Because all exhibitions at the House of Illustration are temporary, admission covers the whole building. I started with “Designed in Cuba,” which I was intrigued to see as I’ve always been keen on Soviet art, and I wanted to see how the art produced by their communist counterparts in Cuba measured up. The pieces in this exhibition was produced by Fidel Castro’s OSPAAAL (the acronym for the unwieldy Organisation of Solidarity of the People of Asia, Africa and Latin America) in the years following the revolution and included posters and magazines, primarily Tricontinental, which was used to disseminate communist propaganda around the world.

 

Cuban communist art was certainly much more exuberant than the Soviet variety, mixing in elements of Cuban culture as well as multiculturalism from around the world (many of the posters were for Days of Solidarity with [insert country here], and it frankly seemed like there were more days of solidarity than days in a year!), but I’m happy to report that I liked it just as much as the Soviet stuff. There was a bit of Castro themed art but most of the work here was either celebrating other Asian, African, or Latin American countries, as one of the aims of OSPAAAL was to foster cooperation between non-Western countries; or was anti-American propaganda, which made me laugh, like the evil Nixon-eagle shown below.

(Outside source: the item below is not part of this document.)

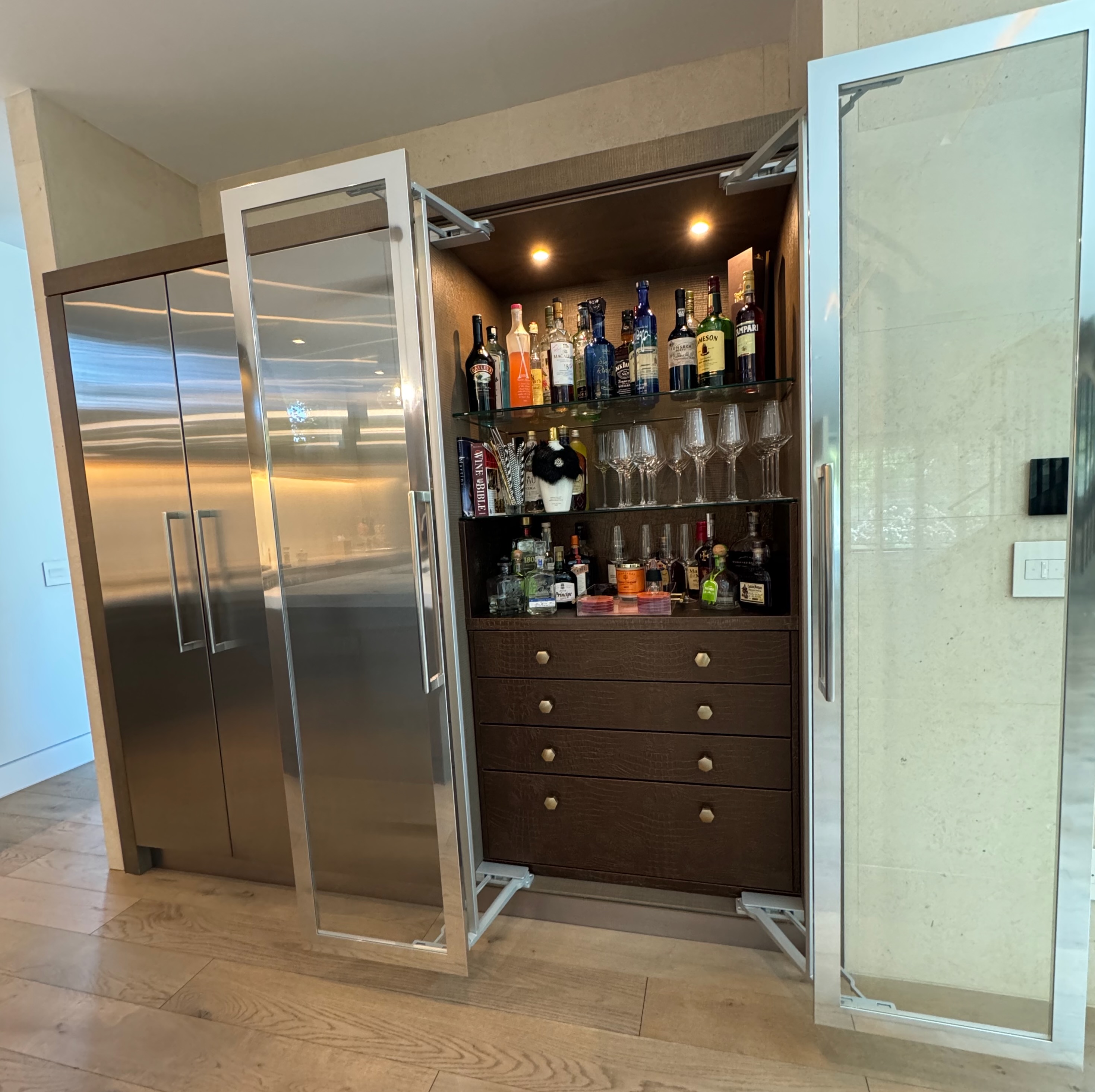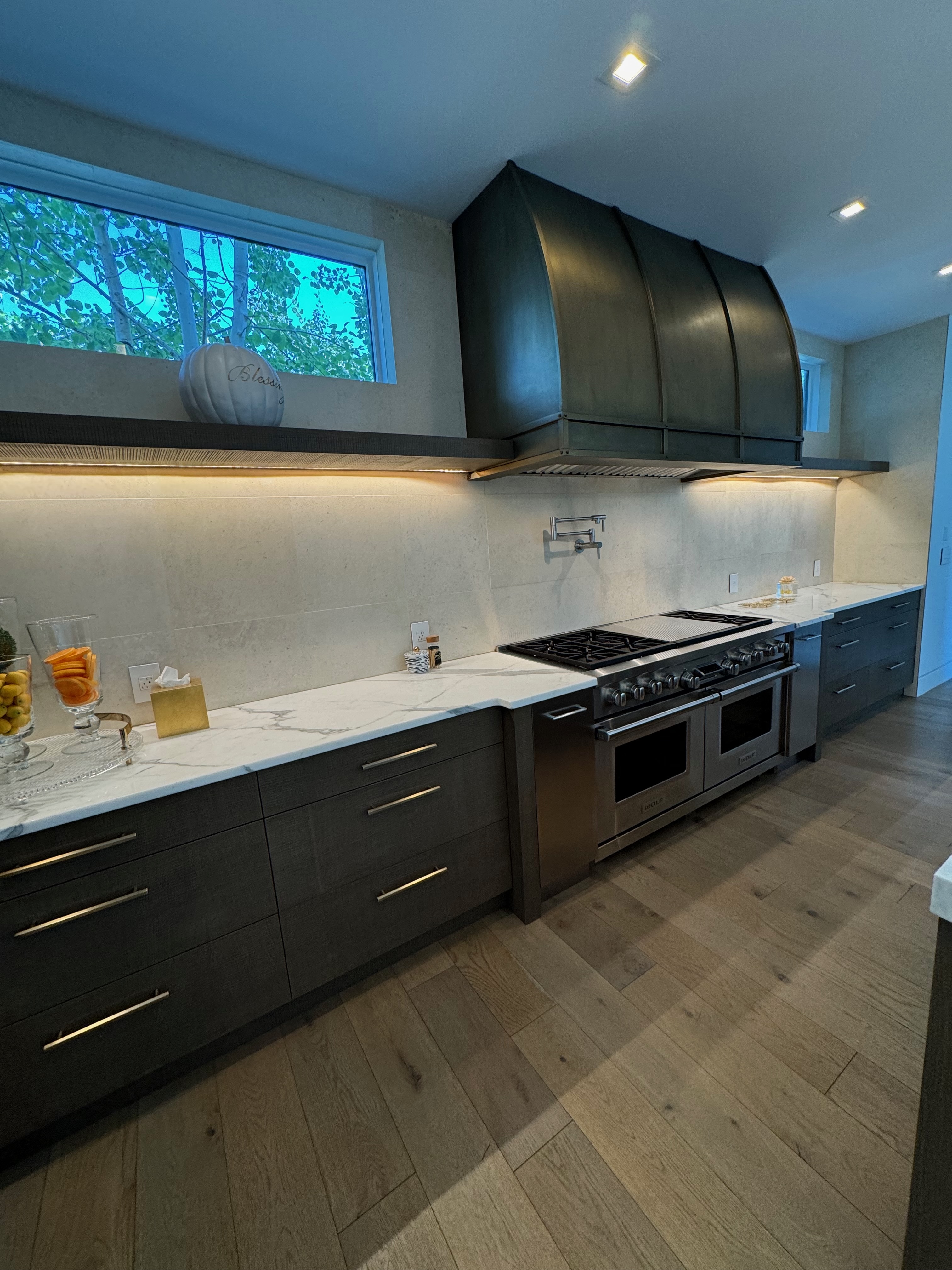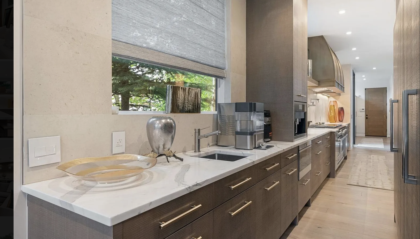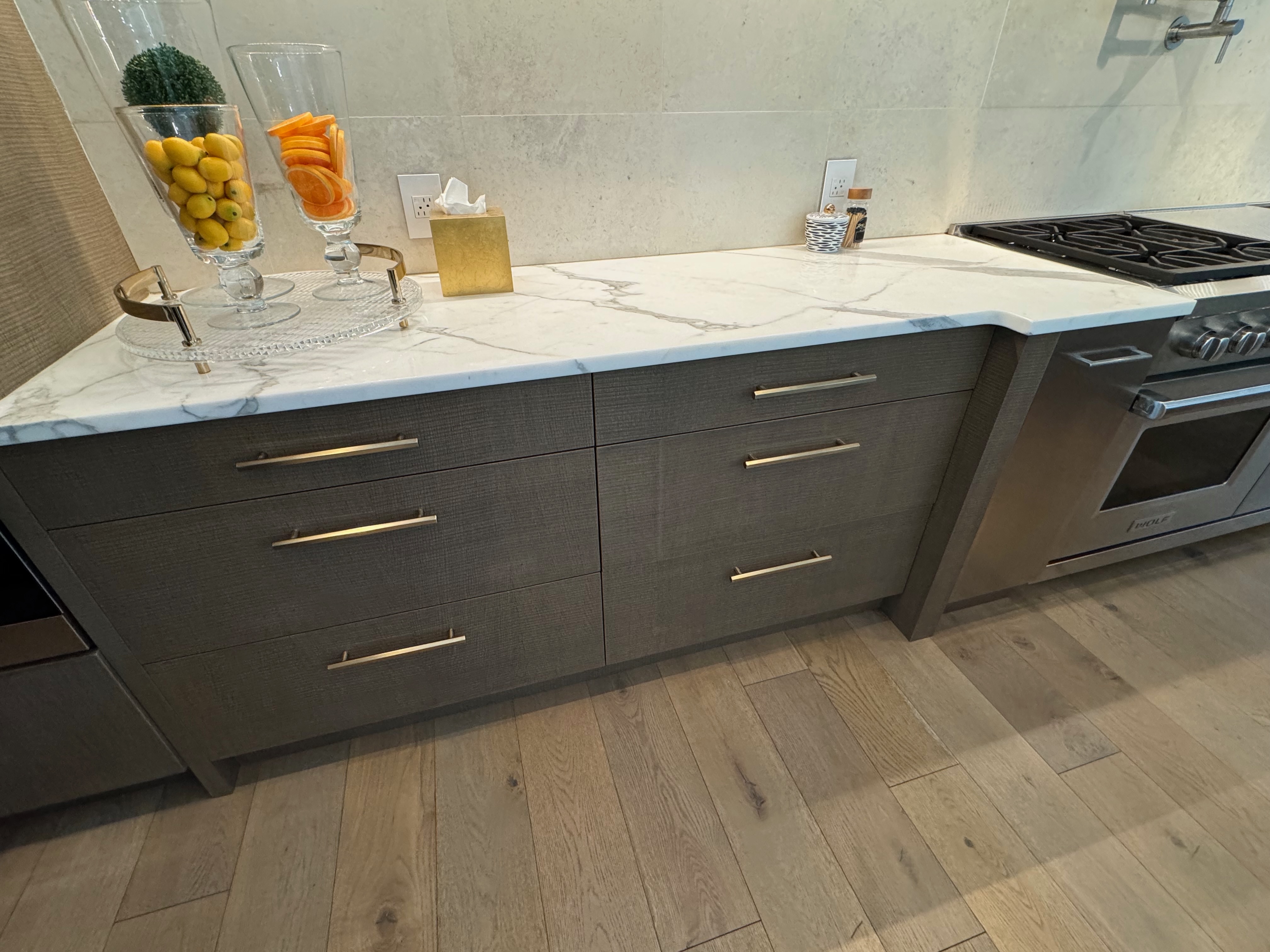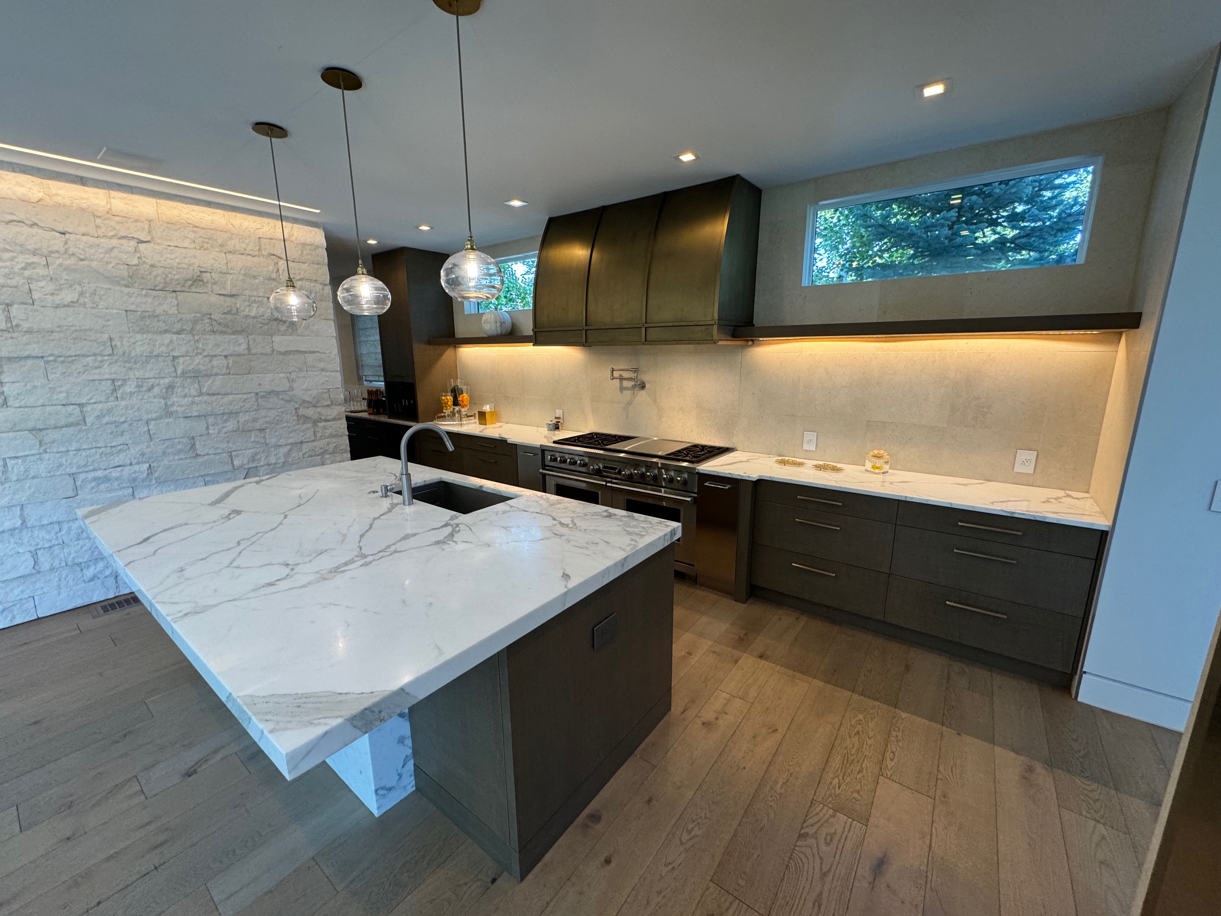 Stunning! Very high-end William Ohs Kitchen cabinetry in a vertical grain re-sawn white oak veneer with a custom brown with flat sheen finish with raking. Like new, Only 6 years old! The drawers are dovetail, soft-close with full extension and Emtek door/ drawer Hex pulls. The Kitchen package includes a 48” Wolf Stainless Steel dual fuel range, Sub-Zero Refrigerator and Freezer columns + other appliances. The kitchen has gorgeous marble countertops with a marble waterfall island as a focal point along with a stunning one of a kind custom made William Ohs glass door and leather wrapped bar! The kitchen also comes with tall pantry cabinets and a matching desk. The kitchen package has been carefully removed by licensed contractors and moved to storage. Drawings can be emailed. Price for the package below.

The art here was also noteworthy because much of it was produced by female artists, who were given a more equal standing in OSPAAAL than female designers had received in pre-Castro Cuba. All in all, I think this was a very different and fascinating perspective on Cuba and mid-late 20th century Cuban art. None of this is to dismiss the way many of the Cuban people suffered under the Castro regime, but it is interesting to look at things from this angle rather than the one I was taught at school.

 

Before heading into the W.E.B. Du Bois exhibit, I had a quick look in the Quentin Blake Gallery, which features (you guessed it) pieces of work by Quentin Blake. Though it is always Blake’s work on display, the pieces and themes change every few months. This one had sketches from his studio, and my favourite ones were the series of people talking to animals. I have definitely had some earnest conversations with birds, so I can relate!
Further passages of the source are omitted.